The researchers found 105,211 women who were diagnosed with early-stage breast cancer between 2000 and 2011. Using the treatment claim codes, the researchers figured out which type of treatment each woman had, as well as any complications related to that treatment. The cost of the treatment and any complications were calculated by what was paid for by insurance.

The researchers found:

  • lumpectomy plus whole-breast radiation was the most common treatment
  • mastectomy plus reconstruction had nearly twice the risk of complications compared to lumpectomy plus whole-breast radiation
    • younger women had a 54.3% risk of complications from mastectomy plus reconstruction compared to a 29.6% risk of complications from lumpectomy plus whole-breast radiation
    • older women had a 66.1% risk of complications from mastectomy plus reconstruction compared to a 37.6% risk of complications from lumpectomy plus whole-breast radiation
  • mastectomy plus reconstruction cost an average of $22,481 more than lumpectomy plus whole-breast radiation for younger women and an average of $1,748 more for older women
  • complication-related costs were an average of $9,017 more for mastectomy plus reconstruction than lumpectomy plus whole-breast radiation for younger women and an average of $2,092 more for older women
  • lumpectomy plus partial-breast radiation cost slightly more and had slightly more complications than lumpectomy plus whole-breast radiation
  • lumpectomy alone cost less and caused fewer complications than the other treatments, but only for older women

"We believe that this research is helpful to frame the conversation between a woman and her physicians regarding the trade-offs between lumpectomy with whole-breast irradiation and mastectomy with reconstruction," said the paper's lead author, Benjamin Smith, associate professor of radiation oncology at the University of Texas MD Anderson Cancer Center. "While mastectomy with reconstruction is sometimes the best treatment for an individual patient, it is important for patients to understand the potential for complications, some of which can be quite significant."
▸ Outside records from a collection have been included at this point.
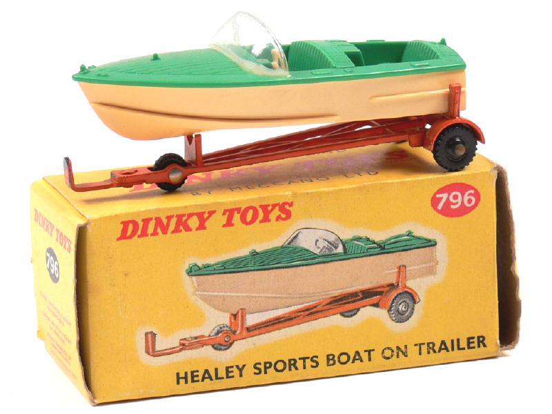 DINKY TOYS (GB) 796 HEALEY SPORTS BOAT avec remorque orange, crème & vert
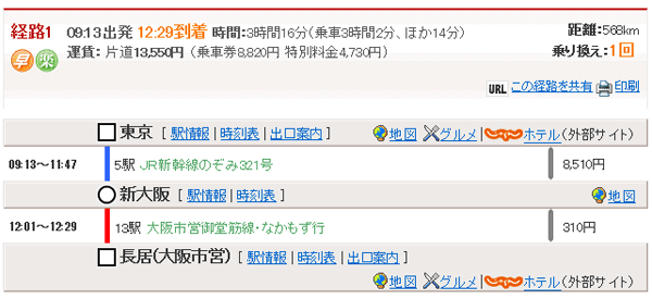 ・東京9:13→(新幹線のぞみ321号)→新大阪11:47
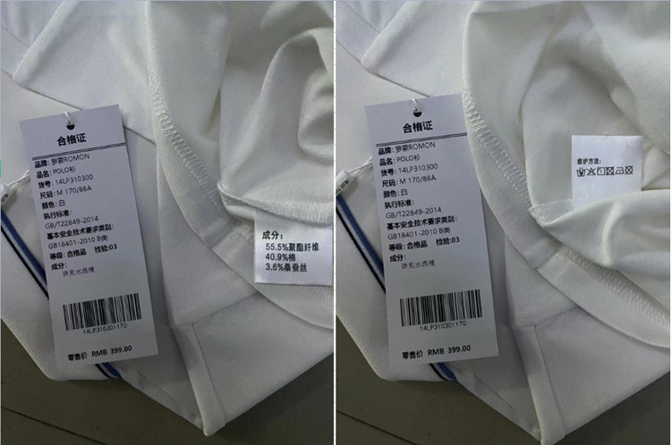 面料:55.5%聚酯纤维 40.9%棉 3.6%桑蚕丝
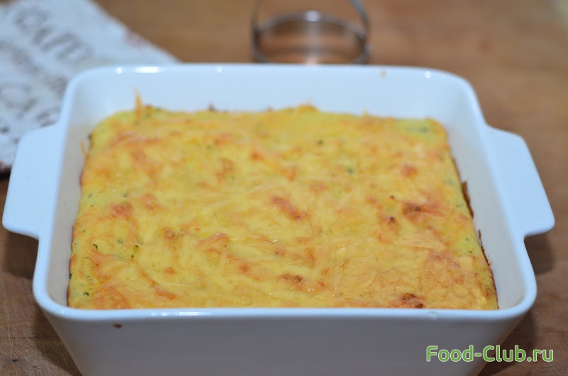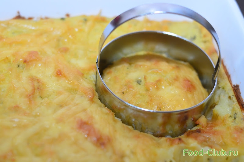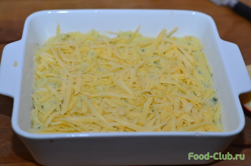 6. Пюре выкладываем в форму, посыпаем сверху тертым сыром и ставим в предварительно разогретую духовку.
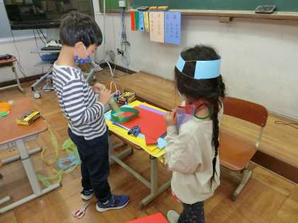 次の時間もどんどんわっかをつくり,かわいい飾りをつけて,思い思いに変身してほしいと思っています。
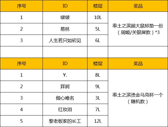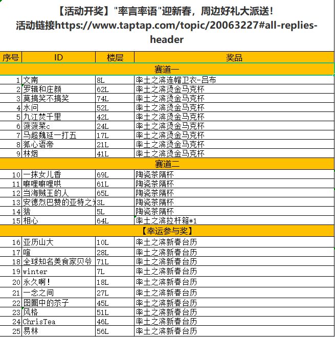 "率言率语"迎新春,周边好礼大派送!活动顺利结束,感谢各位大人的参与,让我们恭喜以下幸运玩家获得奖励! 【发奖流程&注意事项】 请获奖的玩家在七个工作日内按照本账号回复的内容提供以下信息 活动名称: 姓名: 电话: 地址: 中奖评论界面截图: 如有问题可随时咨询该QQ:851372967 即日起至2022年2月25日截止,若未在规定时间内回复信息及地址等相关信息提供不详细无法发放奖品,我们将遗憾视
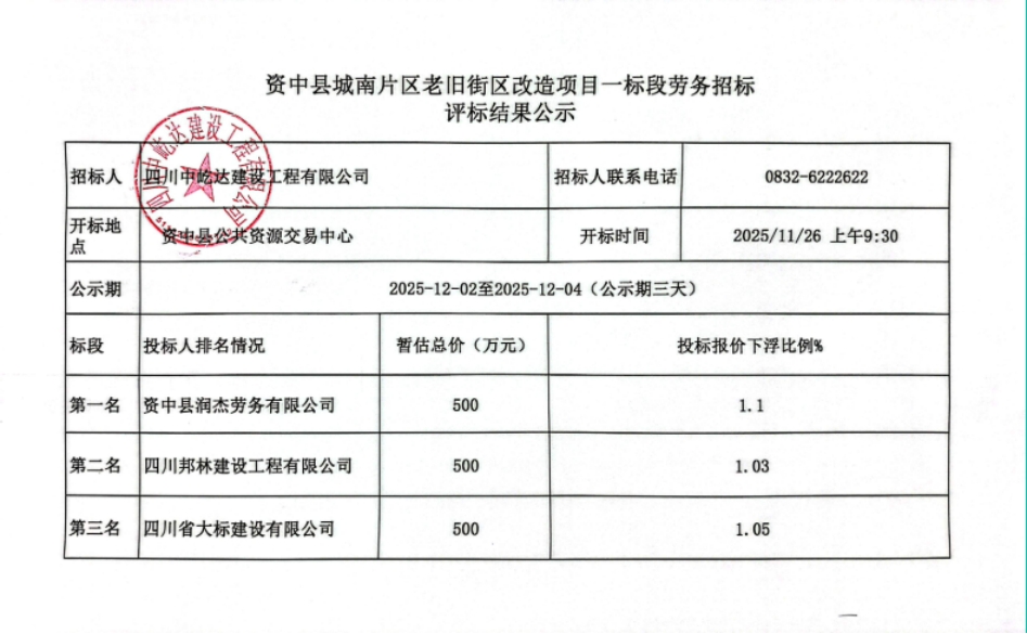 资中县城市供水管网及配套设施建设项目(三阶段)劳务分包招标(第二次)评标结果公示
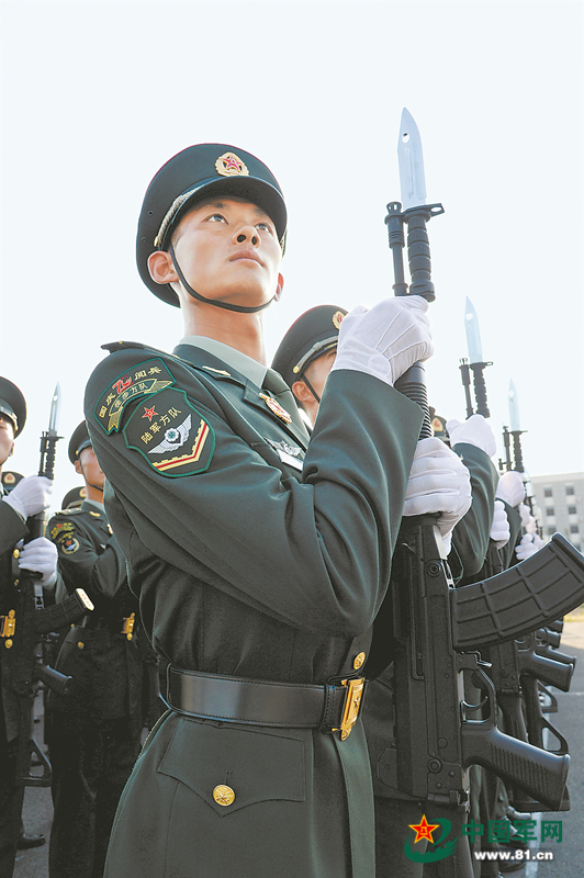 陸軍方隊(duì)進(jìn)行舉槍禮訓(xùn)練。
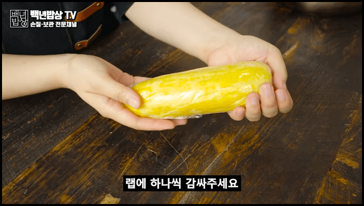 ● 옥수수를 찜기에 찐 후 어느 정도 식힌 후 랩에 하나씩 감싸줍니다.
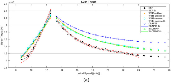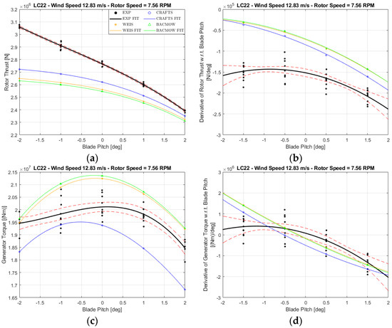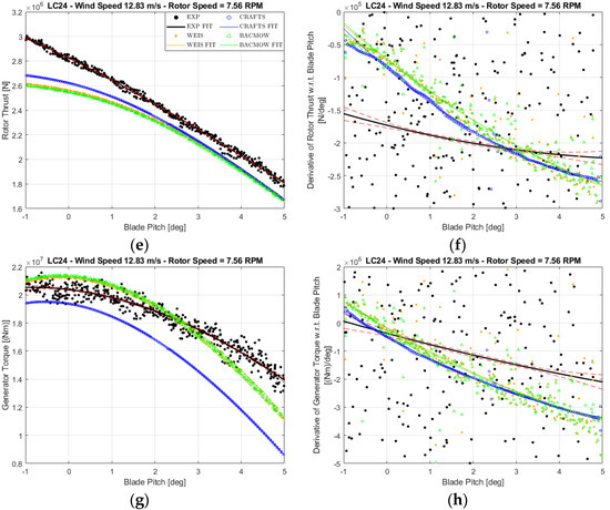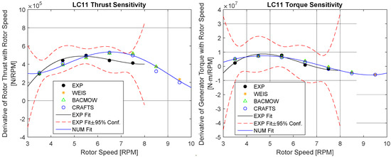 The results for LC 1.2, which was similar to LC 1.1, but with a pitch of 10°, were discussed here, but no summary plots were shown. The overall trends and magnitudes between the numerical and experimental results for the thrust, torque, and tower top forces and moments matched well. Similarly, the numerical results for the flap-wise and edge-wise blade root bending moments were quite close; most of the differences ranged between ~0–20% and ~0–40%, respectively. The primary difference in the post-processing of the LC 1.2 results was that a second-order polynomial was used to fit the limited experimental data (note that experimental results were limited to rpm = 3–6) and, subsequently, differentiated to yield the derivatives of thrust and torque with respect to the rotor speed. The numerical polynomial coefficients for the two sensitivities were computed in the same manner as described above. To enable and improve control co-design, the coefficients can be provided on request.
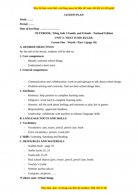 Real school objects (pen, eraser, pencil, pencil case, book) - Teacher’s Guide - Website sachso.edu.vn - Computer, projector, ….
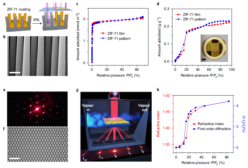 最后,Rob Ameloot等人制备了具有周期性微图案的ZIF-71膜,并将其作为响应衍射光栅,用于蒸汽检测。MOF材料中的孔吸收到蒸气后,会导致折射率增加,从而导致衍射效率发生变化,再通过相机实现对蒸气的检测。
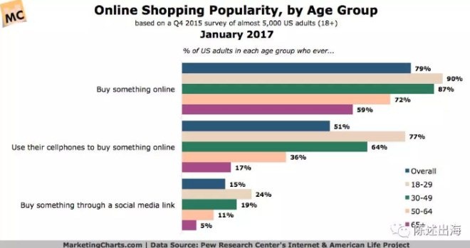 美国在线购物人群年龄分布:18-29岁是最主要的网购人群
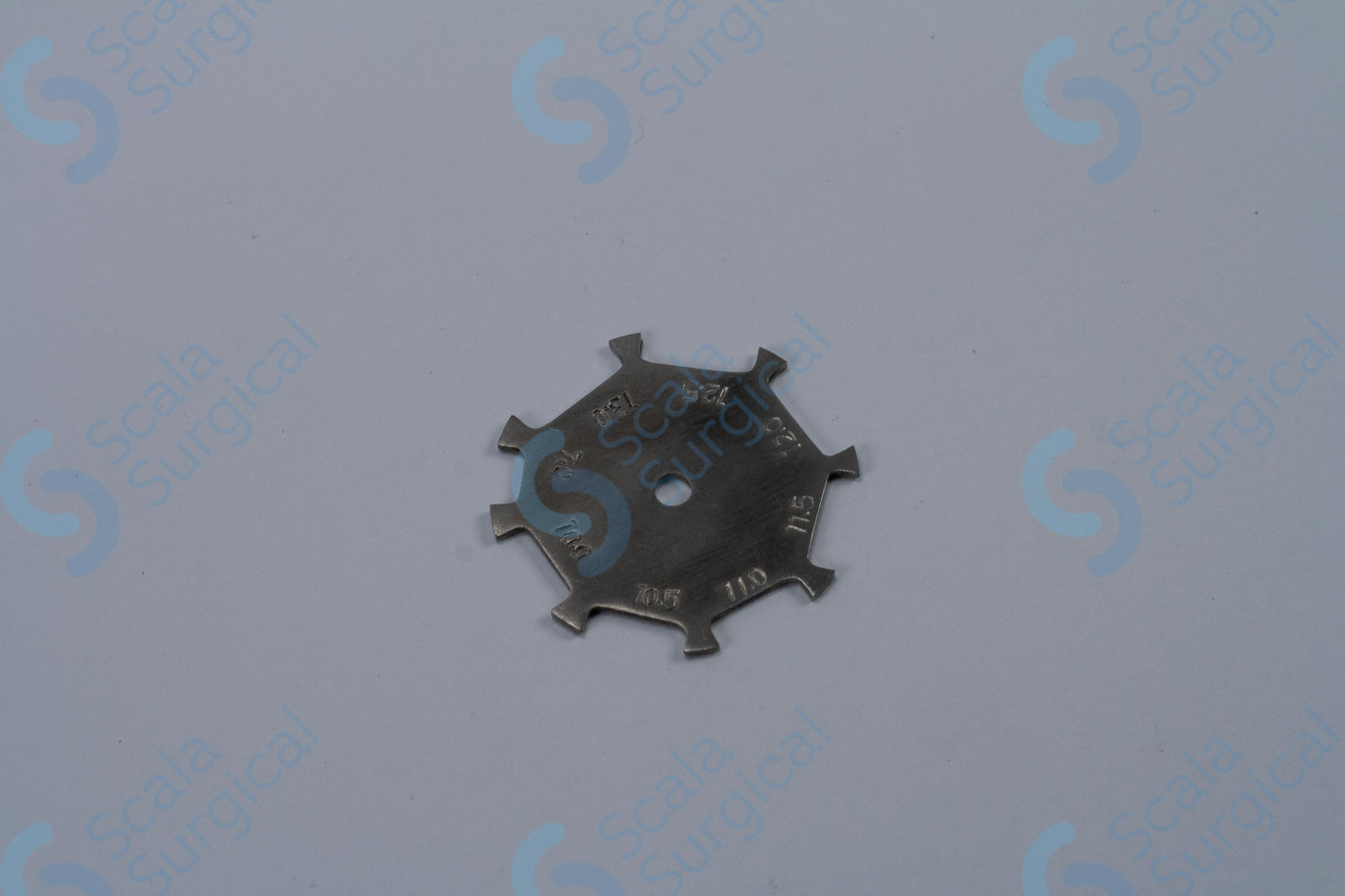 The Stahl Anterior Chamber Calliper is a surgical instrument used to measure the depth of the anterior chamber of the eye. It is used to measure the intraocular pressure and to determine the size of the anterior chamber of the eye. It is also used to measure the angle of the eye, which is important for the diagnosis and treatment of glaucoma.

When you’re first diagnosed with breast cancer, fears about the future can affect how you make decisions. This is especially true for women who have an abnormal breast cancer gene or who have watched a mother or sister be diagnosed with breast cancer. You have to make a number of decisions at a very emotional time when it can be hard to absorb and understand all the new information you’re being given.

At, we support every woman’s right to make treatment decisions based on the characteristics of the cancer she’s been diagnosed with, her medical history, her risk of recurrence or a new breast cancer, and her personal preferences. But it’s very important to make sure you understand all the pros and cons of any treatment or procedure you’re considering, including how the treatment or procedure may affect your reconstruction options and if the treatment is likely to make you live longer.

If you’ve been diagnosed with early-stage breast cancer, ask your doctor about ALL of your treatment and risk reduction options. Give yourself the time you need to consider the decision carefully. It’s a good idea to talk to your doctor about how the details in your pathology report may affect your future risk. You want to be sure that your decisions are based on your actual risk of recurrence or a new cancer. Make sure you understand the benefits and risks of all your options. Together, you and your doctor can make the choices that are best for you and your unique situation.